The correlation between law enforcement presence and school arrests and referrals is likely higher than is reflected in the voluntarily reported federal data. For example, Hawaii, which reports the highest percentage of students referred to law enforcement and the second highest percentage of students arrested, does not report any law enforcement officer stationed in schools. However, police officers do have a significant presence in Hawaii schools. As recently as 2014, the Hawaii County Police Department received a federal grant to fund school police officers, and in 2015, Hawaii News Now reported that in the city of Wetumpka alone, 20 police officers were assigned to schools.
Recent incidents — like a police officer in South Carolina violently tearing a young girl from her desk or an officer in North Carolina body slamming a young girl — have prompted many to question whether police officers belong in schools. Data reports, like last week’s Education Week reporting, show us that school policing is a matter of nationwide significance that affects racial justice and educational equity. When students of color are met with a police response, they are also more likely to be a part of the 1.6 million students who attend a school with a cop but no counselor.

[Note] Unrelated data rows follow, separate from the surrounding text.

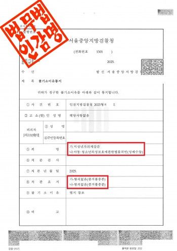 인천지방검찰청은 이 사건에 대해 다음과 같은 사유로 불기소 결정을 하였습니다.
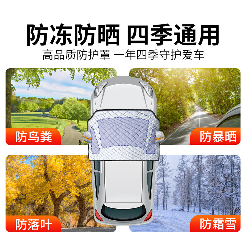 百亿补贴:巨木汽车前挡风玻璃遮雪挡防晒遮阳挡冬天用防冻防霜罩防雪罩盖布车衣 通用【SUV车】真三窗加厚带防盗条加收纳袋
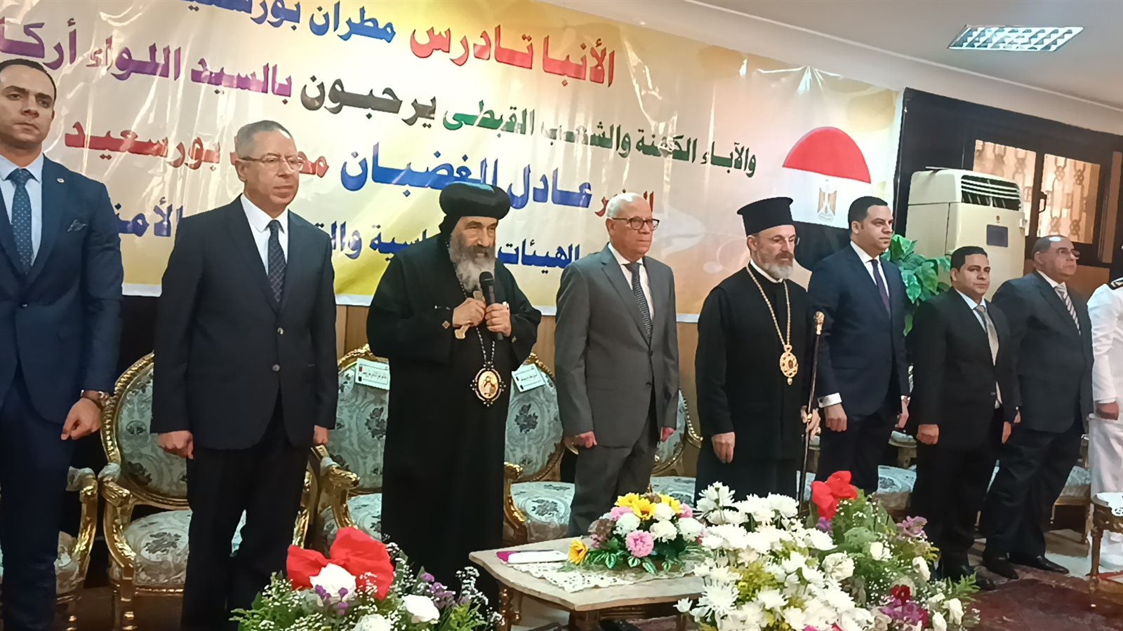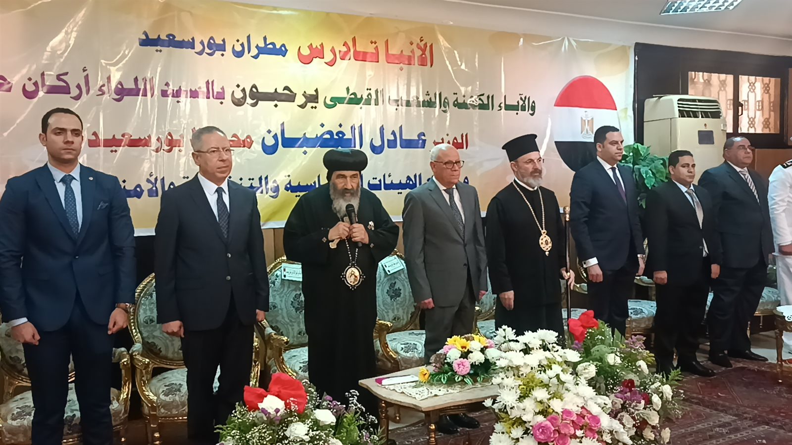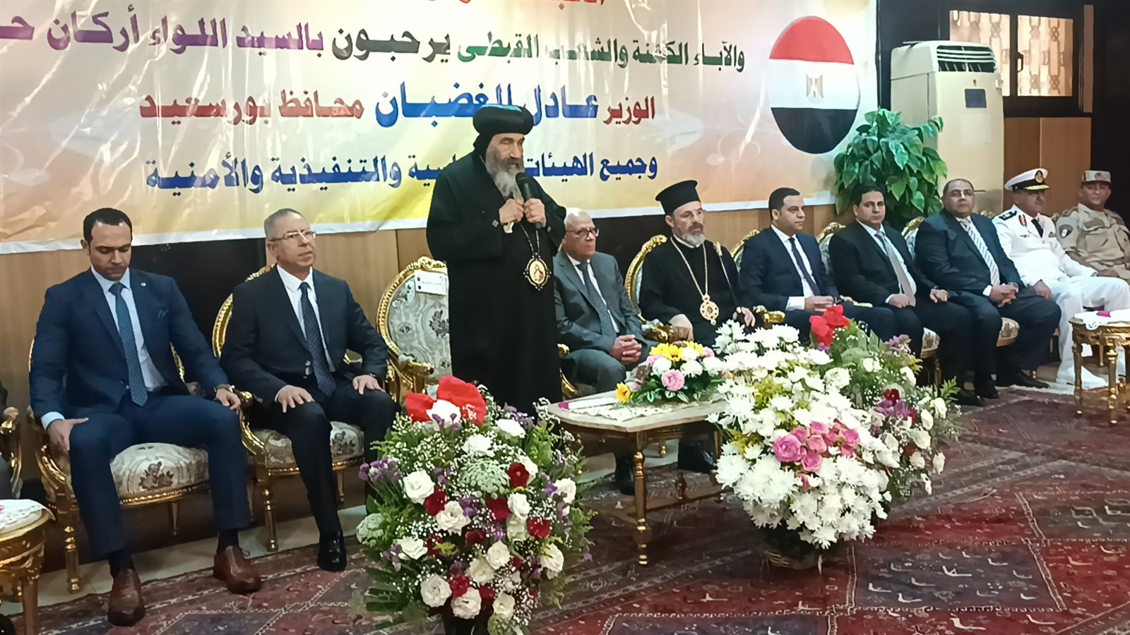 مطران بورسعيد يستقبل المهنئين بالوقوف دقيقة حداد على مدير أمن المحافظة السابق (فيديو)

Approaching the education of children through law and order policies is wrong. It perpetuates fear tinged by racial stereotypes and undermines the supportive learning environment that every child deserves. In the words of Justice Stevens, school is the “first opportunity most citizens have to experience the power of government. . . . The values they learn there, they take with them in life.”
Our schools should not prepare Black children to be treated as criminals. Rather, all children should learn from their education that they are valued and deserving of support.